Старичек подумал: что же, хоть они и опришки, да все нашей русской веры. Не говели: чем же говеть им в тех местах, где, кроме молока, творогу, да овечьего сыра, ничего достать нельзя? что не ходили в церковь – им и в церковь показаться нельзя! Вынул дары, исповедал и причастил.
– Снимай, добродей, шапку.
Старик снял, и повалилось ему в шапку золото.
- Вот кабы твой товарищ молодой, что с тобой ехал, не побоялся нас, добрых людей, то не достались бы тебе его гроши. Поезжай, добродей, с Богом...

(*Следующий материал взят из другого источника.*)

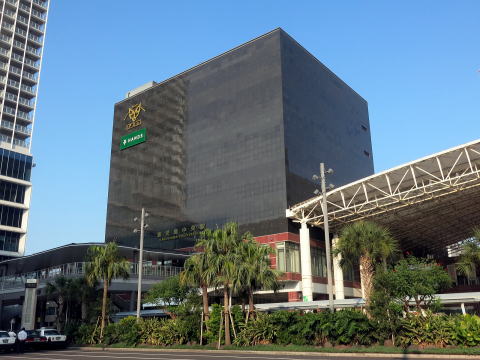窓が全くないように見える、巨大な黒御影石のモニュメントのような異形の駅舎。8階建の「アミュプラザ鹿児島プレミアム館」という、平成26年築の駅ビルです。駅舎自体はこの奥にあり、改札が2階にある橋上駅舎です。この駅舎は構内西側で「桜島口」です。(R7.8撮影) |

Ни польское, ни молдавское правительства никогда серьезно не владели этими горами; одна Австрия сумела, без шуму, без войны, покорить их, и вышли из них люди тихие и смирные, такие, что если когда-нибудь эти горы достанутся во власть России, то составят гуцулы такой оплот для нашего государства, лучшего какого и желать нельзя (*).
(*) У нас хлопочут о заселении Кавказа русскими – Гуцулы с голоду мрут от тяжких налогов и мечутся на дешевые заработки в Австрию. Их специальность – горное овцеводство и сыроваренье. Не дорого бы стоило вызвать из Карпатов несколько тысяч их на правый фланг – а про веру свою они только то и знают, что их вера русская.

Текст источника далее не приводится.